What I need is a loadHTML() method which doesn't strip namespaces or a loadXML() method which does not validate the markup. So a combination of this two methods.

My code so far:

$html = '<div class="something-first">
    <div class="something-child something-good another something-great">
        <my:text value="huhu">
    </div>
</div>';

libxml_use_internal_errors(true);

$domDoc = new DOMDocument();
$domDoc->formatOutput = false;
$domDoc->resolveExternals = false;
$domDoc->substituteEntities = false;
$domDoc->strictErrorChecking = false;
$domDoc->validateOnParse = false;

$domDoc->loadHTML($html/*, LIBXML_NOERROR | LIBXML_NOWARNING*/);
$xpath = new DOMXPath($domDoc);
$xpath->registerNamespace ( 'my', 'http://www.example.com/' );

// -----> This results in zero nodes cause namespace gets stripped by loadHTML()
$nodes = $xpath->query('//my:*');
var_dump($nodes);

Is there a way to achieve what I want? I would be very happy for any advices.
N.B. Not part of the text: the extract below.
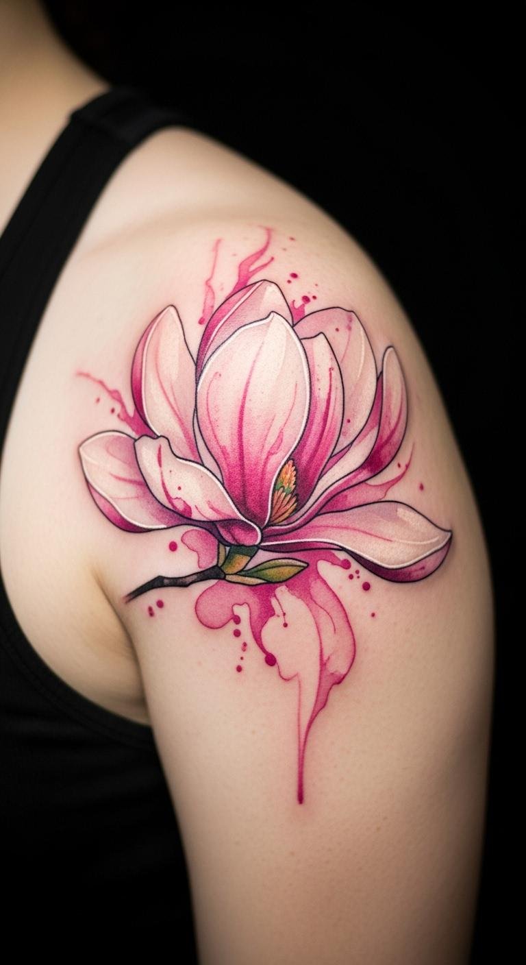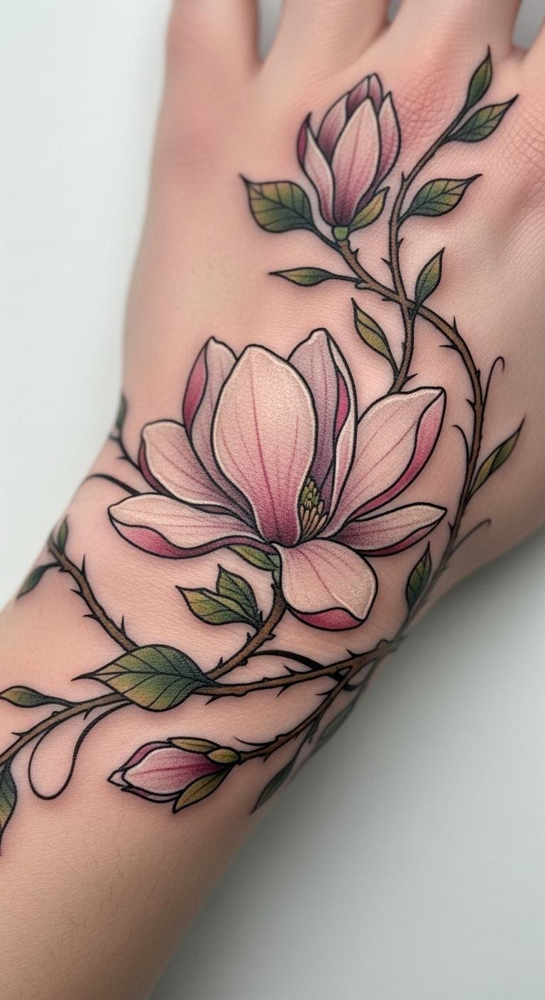 Watercolor magnolias bring a painted feel to your skin. Imagine soft blends of pink and white on your wrist. This style mimics brush strokes for an artistic look. Draw inspiration from free apps on your phone. Experiment with watercolors on paper first. Find an affordable artist through local listings. Aim for sessions under $150. Keep colors minimal to lower ink costs. Add leaves for extra flair without complexity. This design suits creative types. Place it where you can see it daily. Try quick sketches during breaks. It adds a dreamy touch to your routine. Focus on blending techniques with household supplies. You’ll create a piece that feels personal and light.

EDIT I opened an enhancment request for libxml2 to provide an option to preserve namespaces in HTML: https://bugzilla.gnome.org/show_bug.cgi?id=711670

Loading something that is neither valid XML nor valid HTML is always going to be tricky when using `loadXML` or `loadHTML`... — lonesomeday, Nov 08 '13 at 09:52
Is it possible to declare the namespace? Something like `……`. DOMDocument should be able to handle namespaces when loaded through loadXML() or load(). — jazZRo, Nov 08 '13 at 10:09
Have deleted my answer as it don't fit your needs. But maybe it's - sad but true - simply not working. Definitely an interesting question.. +1 — hek2mgl, Nov 08 '13 at 10:09
@jazZRo Yeah, that's what I was asking me too.. But when parsing just snippets of HTML like a `
` then it is common that the namespace declaration isn't available in that snippet — hek2mgl, Nov 08 '13 at 10:10
@hek2mgl Till now I tokenize the snippets with my own regex. But I tried to give the PHP built in parser a shot cause everyone says parsing HTML with own regex isn't a good solution. But as I see I propably have to stay on my regex solution. — TiMESPLiNTER, Nov 08 '13 at 10:12
Really don't like to leave you alone with a html-regex-parse solution... (not gave up ;) ) — hek2mgl, Nov 08 '13 at 10:15
@hek2mgl Thx a lot. I mean having namespaces in HTML documents is pretty common with all the `` and `` custom tags. So why `loadHTML()` don't wanna parse them? — TiMESPLiNTER, Nov 08 '13 at 10:20
nvm. I see why it's not valid. Why not add the slash to make it valid? — Anthony, Nov 08 '13 at 17:16
@TiMESPLiNTER Made some research. What we are talking about is called `(X)FBML`. (yes really :) .. Look here http://nerdramblings.tumblr.com/post/3213578636/html5-and-facebooks-fbml — hek2mgl, Nov 09 '13 at 09:17

hek2mgl · Answer 1 · 2013-11-08T13:54:11.710

2

First, namespaces are allowed in XML (or XHTML) only. HTML does not support namespaces.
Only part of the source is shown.